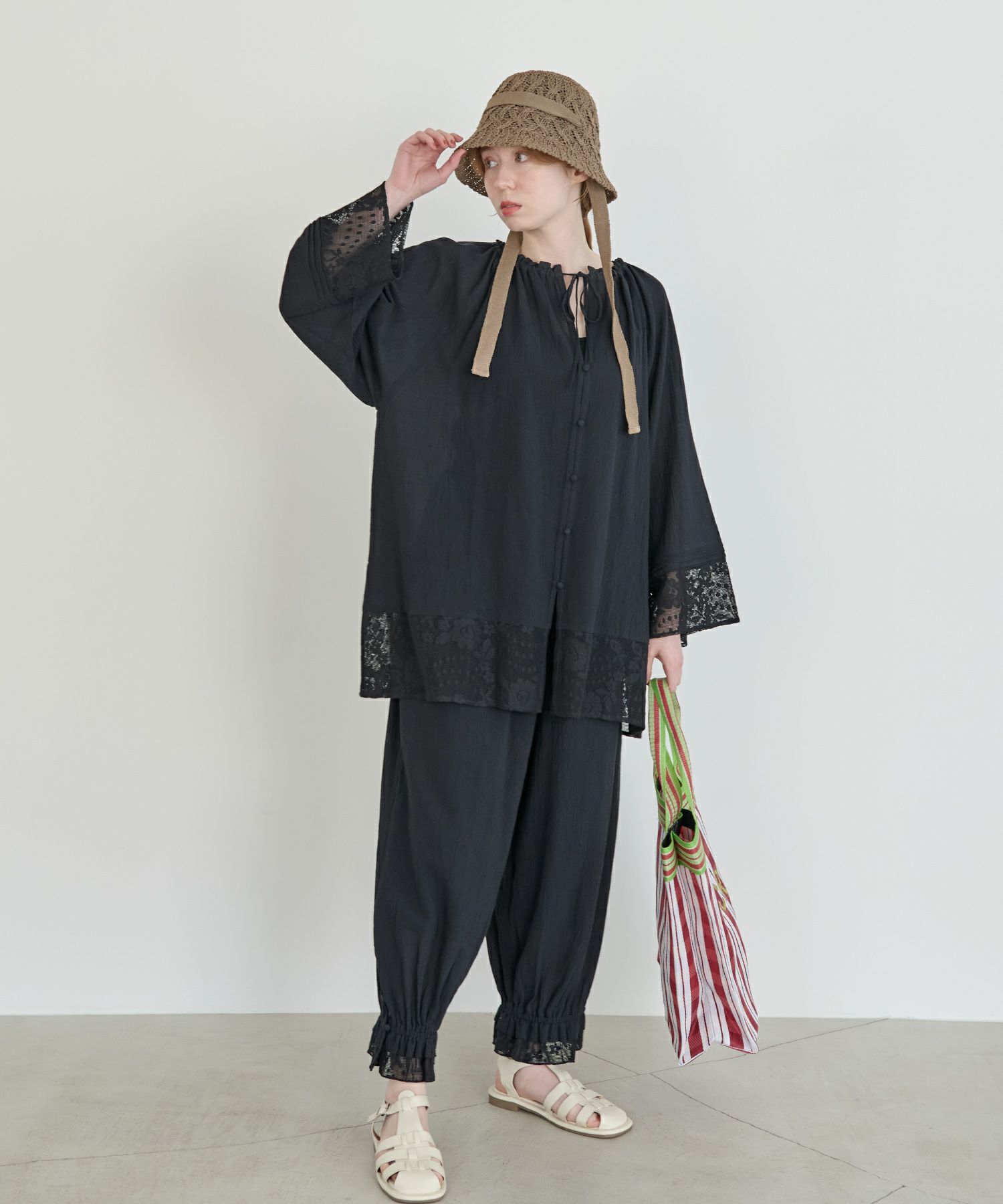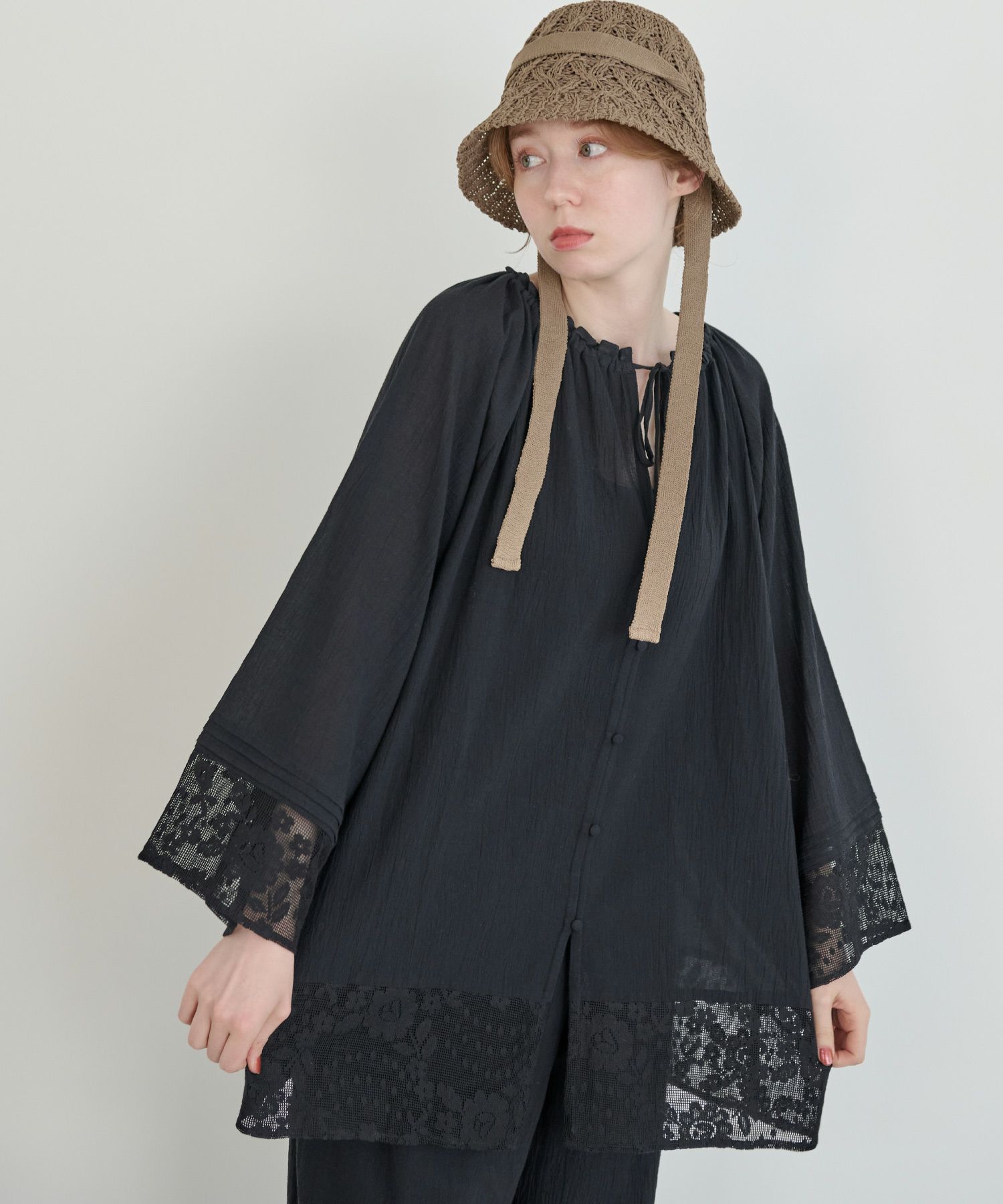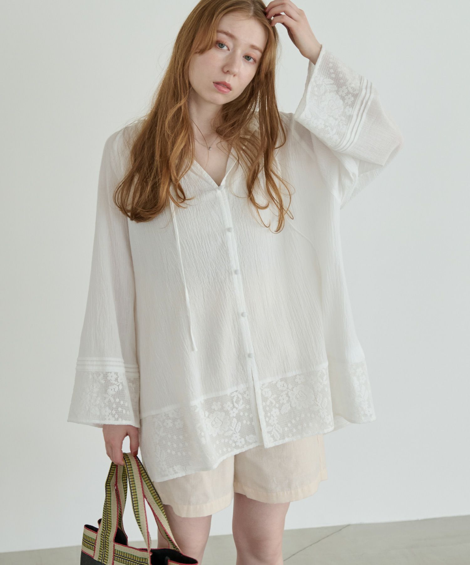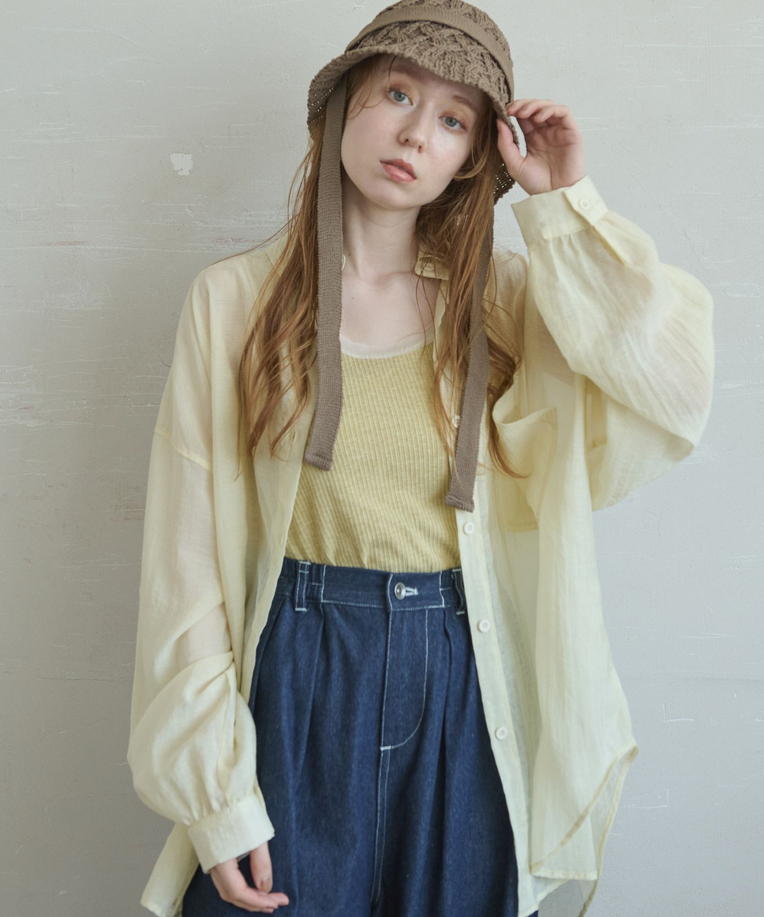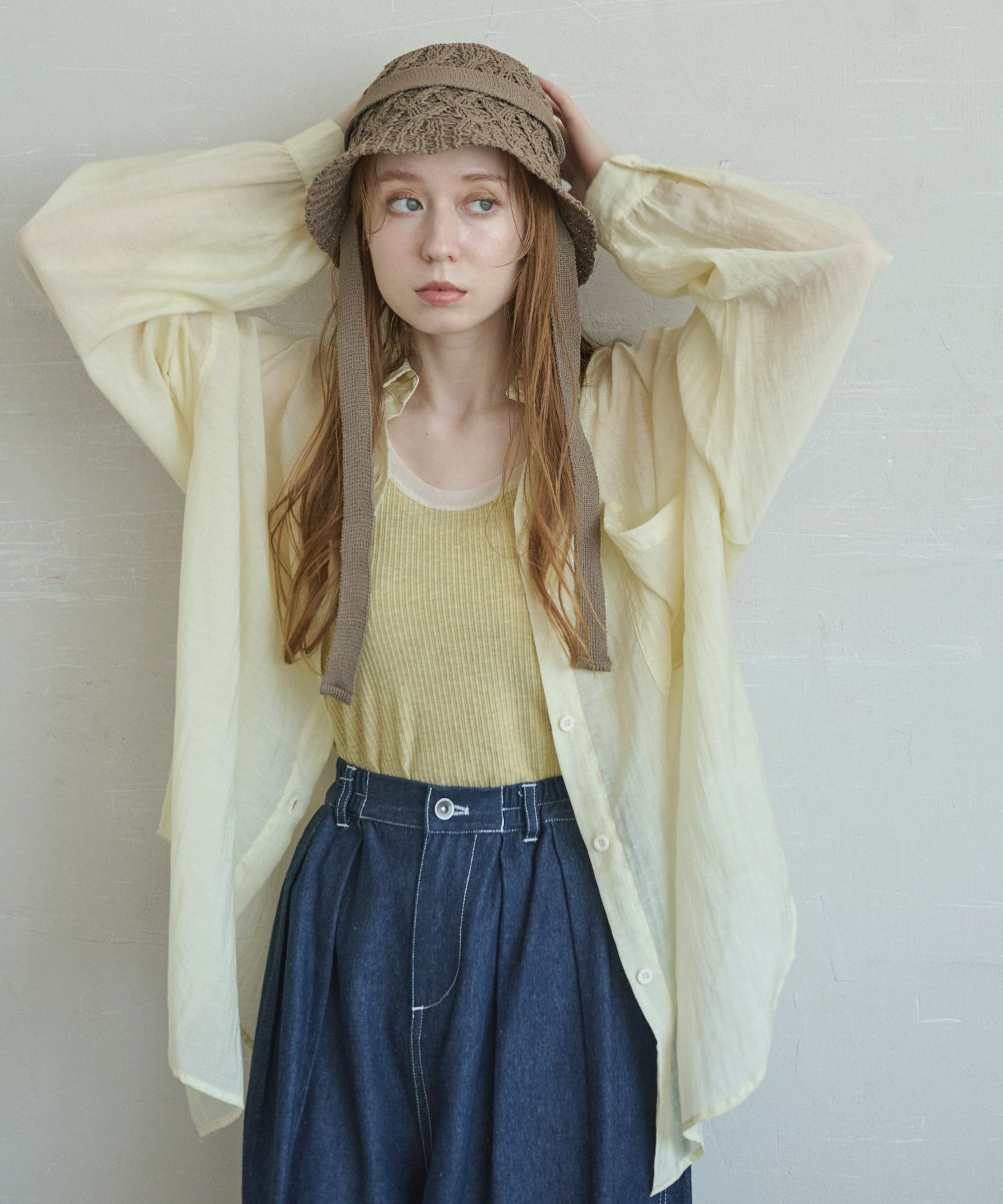 ハーフスリーブシアーオーバーシャツ[c1R3609]
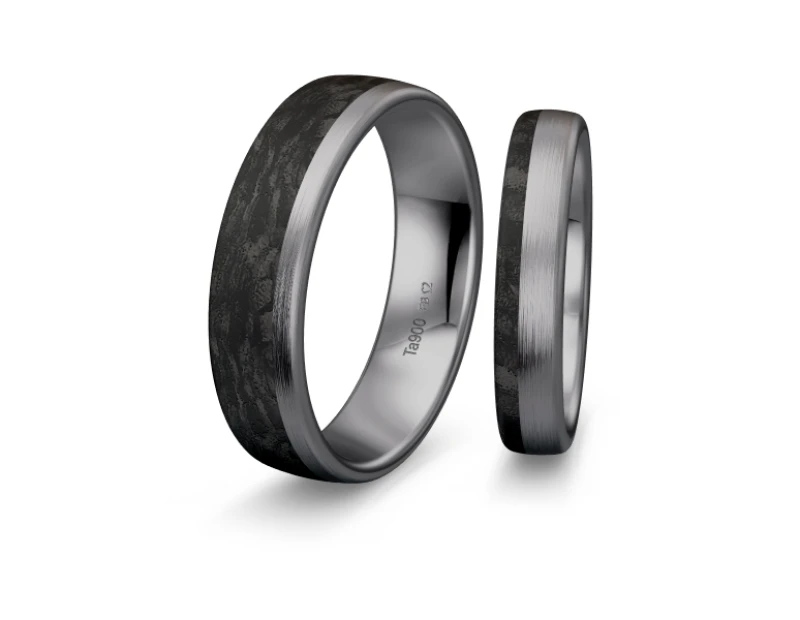 Beide Ringe sind frei von Edelsteinen, was ihre schlichte Eleganz betont und den Fokus auf das seltene und wertvolle Material Tantal legt. Die Kombination aus Carbon und Tantal verleiht den Ringen eine außergewöhnliche Optik und Haptik, die sie zu einer perfekten Wahl für Paare macht, die Wert auf Haltbarkeit und Design legen.
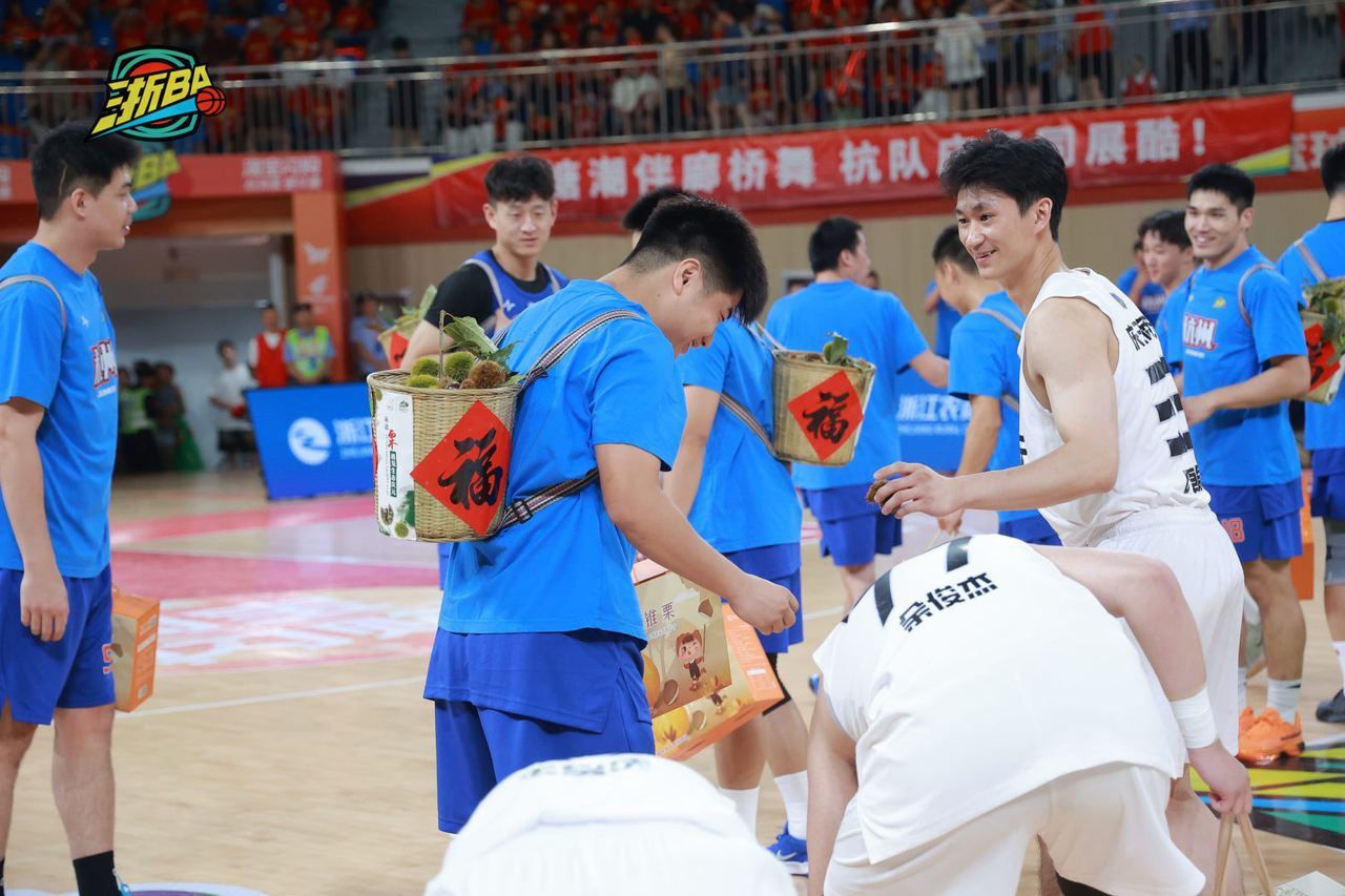 庆元球员将“秋天的第一筐锥栗”赠予客队球员 图片由庆元县融媒体中心提供

* [The problem]: Please print exactly the lines running from the line with "Beide Ringe sind" through the final line of the material, and nothing more. Keep pictures out.

* [Response area]:
 Beide Ringe sind frei von Edelsteinen, was ihre schlichte Eleganz betont und den Fokus auf das seltene und wertvolle Material Tantal legt. Die Kombination aus Carbon und Tantal verleiht den Ringen eine außergewöhnliche Optik und Haptik, die sie zu einer perfekten Wahl für Paare macht, die Wert auf Haltbarkeit und Design legen.
 庆元球员将“秋天的第一筐锥栗”赠予客队球员 图片由庆元县融媒体中心提供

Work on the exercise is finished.